This charming book is the English translation of the long-famous Hebrew Fox Tales of Berechiah ben Natronai ha-Nakdan, a Jewish philosopher, Biblical commentator, and Hebrew grammarian who lived in France during the late twelfth or early thirteenth century.
Many of these stories were unfamiliar to me. Others, I recognized from many previous readings of Aesop’s fables. Quite a lot were fleshed out in ways that confused the storylines.
What clouds these tales are prolix ramblings that mix Scripture with needless details (complaints, physical assaults and verbal abuse are laid out with almost gleeful elaboration), boring repetitive rhetoric, extraneous unnamed characters and contradictory morals that often veer wide of the accompanying story.
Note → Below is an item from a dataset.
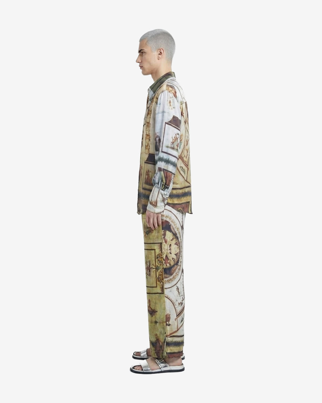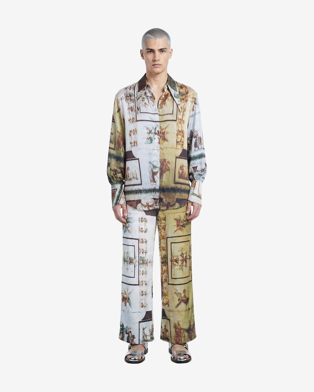 100% sustainable clothing. printed by using Eco-friendly ink that has been standardize in 100 oeko-tex and utilizing 100% woodline fabric. Made through sustainable sourcing and efficient manufacturing this garment not only enhace the vibrant. Colors and the richness of it's textures, but guarantees that every inch of it's creation has an ecological value.
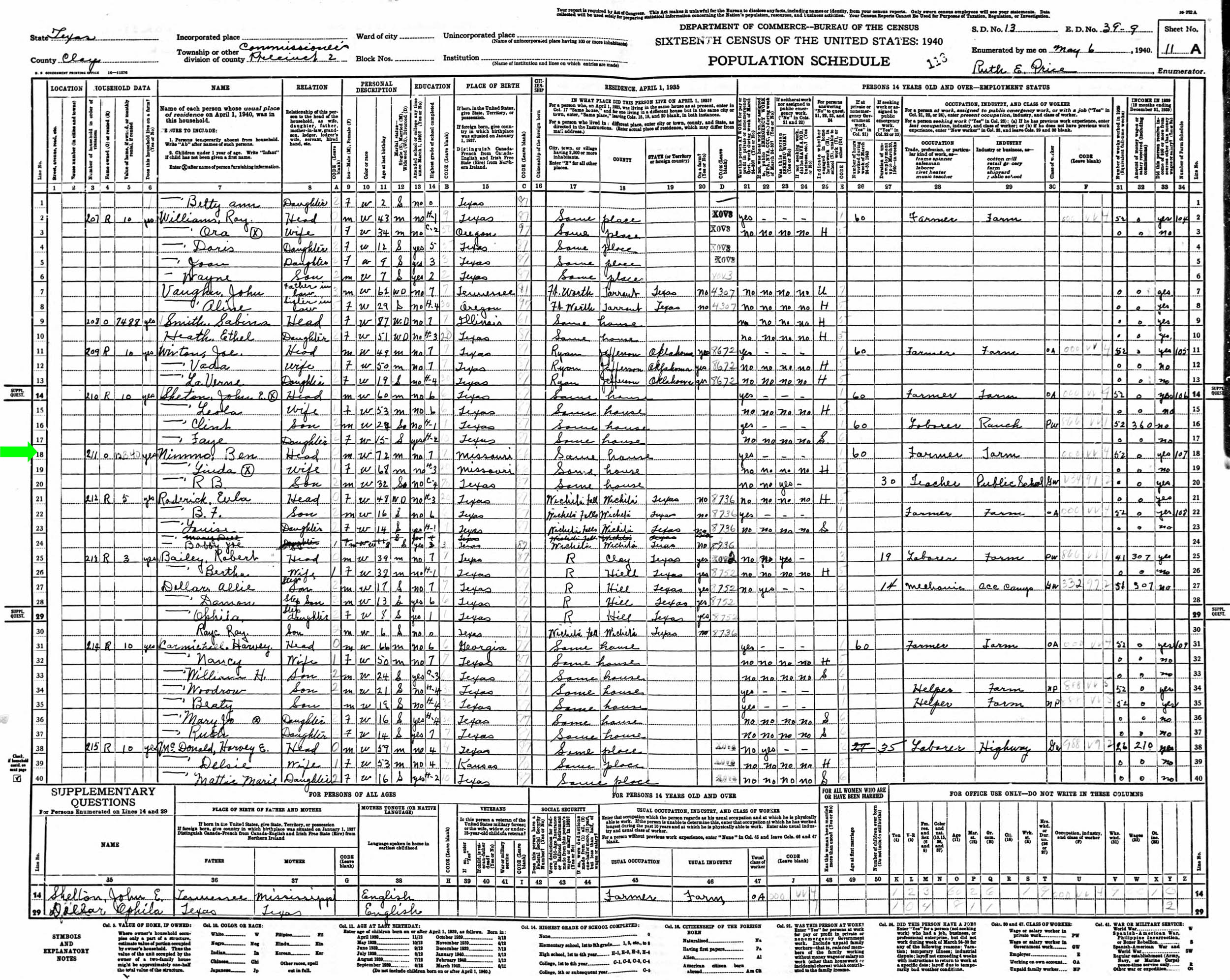 May 1940 in Clay Co., Texas; Same house as April 1935

In some stories, virtue is rewarded and the wicked are punished; in others deceit and cunning prevail and the deceiver is rewarded for his/her treacherous behavior. Then you’ll read a tale in which a liar has punishment meted out and a goodly person is redeemed. When people offer charity and aid, it is seen as either a kindly deed or a hideous snare, even if the giver sincerely meant well.
It’s a baffling plethora of stories gathered here and perhaps the only lessons you can glean from it are that morality is situational and you must shift your ground and behavior in order to reap the maximum benefit for society, friends and family (but mostly oneself) without losing a hand or eye in the bargain.